◆ Your task: The listing below should be printed again word for word, without any images.

◆ Information shown:
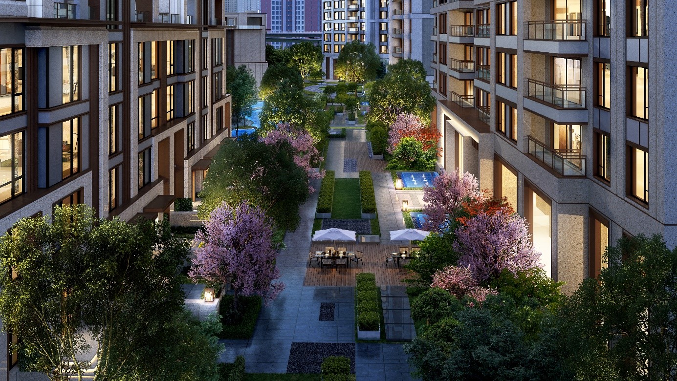 由贝尔高林执笔,水景花园和感官花园以度假风植物景观铺陈出绿意盎然的休闲活动空间,是繁华城央难得一见的私享花园;堂、廊、庭、院、厅,移步换景,五重空间围合成都会秘境,在四季流转中,吐纳自然的清新。
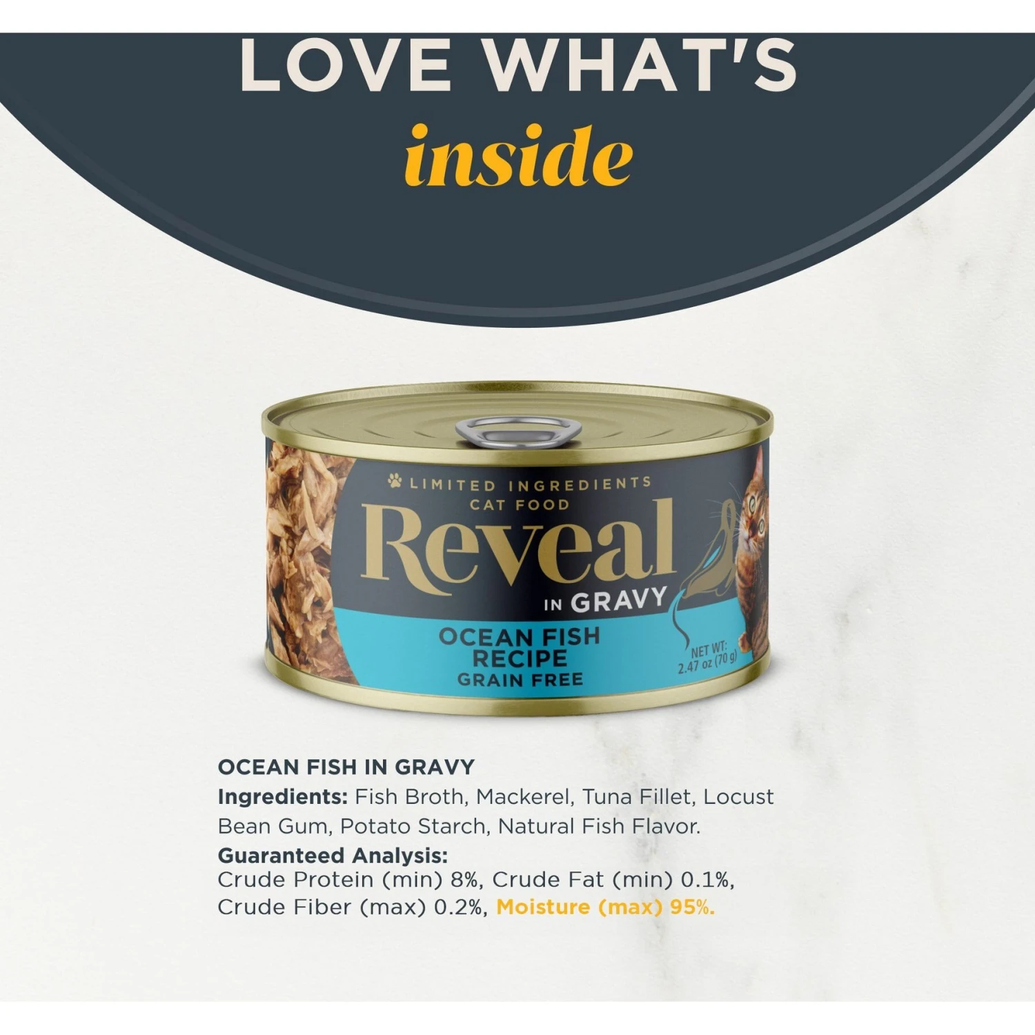 Reveal Natural Grain-Free Ocean Fish In Gravy Flavored Wet Cat Food, 2.47-oz Can, Case Of 24
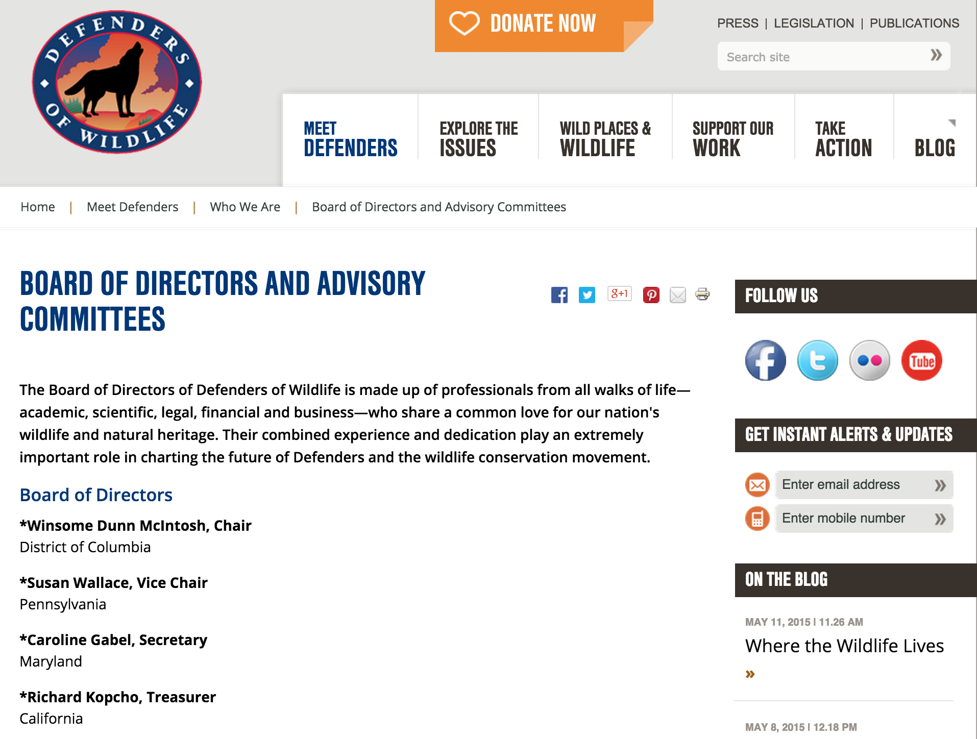 Defenders of Wildlife: без фотографий страница о руководстве компании выглядит недружелюбной. Снимки реальных людей могли бы дать лучшее представление о том, кто они — защитники дикой природы.
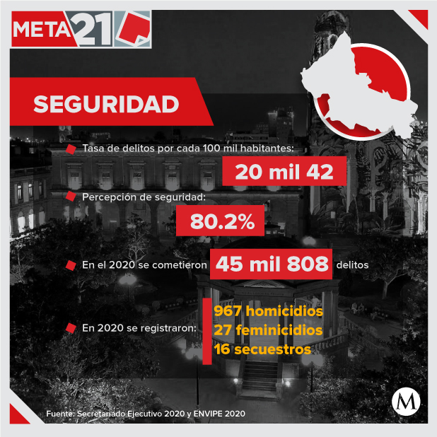 La inseguridad en la entidad va a la baja, según los datos de la Encuesta Nacional de Victimización y Percepción sobre Seguridad Pública (ENVIPE) 2020, pues la tasa de víctimas de delito por cada 100 mil habitantes es de 20 mil 42; en 2018 fue de 26 mil 25 y en 2017 de 23 mil 926. Sin embargo, el 68.9 por ciento de las personas encuestadas lo sigue considerando como el problema más preocupante en la entidad, por encima de la salud, por ejemplo.

◆ Exercise answer:
 由贝尔高林执笔,水景花园和感官花园以度假风植物景观铺陈出绿意盎然的休闲活动空间,是繁华城央难得一见的私享花园;堂、廊、庭、院、厅,移步换景,五重空间围合成都会秘境,在四季流转中,吐纳自然的清新。
 Reveal Natural Grain-Free Ocean Fish In Gravy Flavored Wet Cat Food, 2.47-oz Can, Case Of 24
 Defenders of Wildlife: без фотографий страница о руководстве компании выглядит недружелюбной. Снимки реальных людей могли бы дать лучшее представление о том, кто они — защитники дикой природы.
 La inseguridad en la entidad va a la baja, según los datos de la Encuesta Nacional de Victimización y Percepción sobre Seguridad Pública (ENVIPE) 2020, pues la tasa de víctimas de delito por cada 100 mil habitantes es de 20 mil 42; en 2018 fue de 26 mil 25 y en 2017 de 23 mil 926. Sin embargo, el 68.9 por ciento de las personas encuestadas lo sigue considerando como el problema más preocupante en la entidad, por encima de la salud, por ejemplo.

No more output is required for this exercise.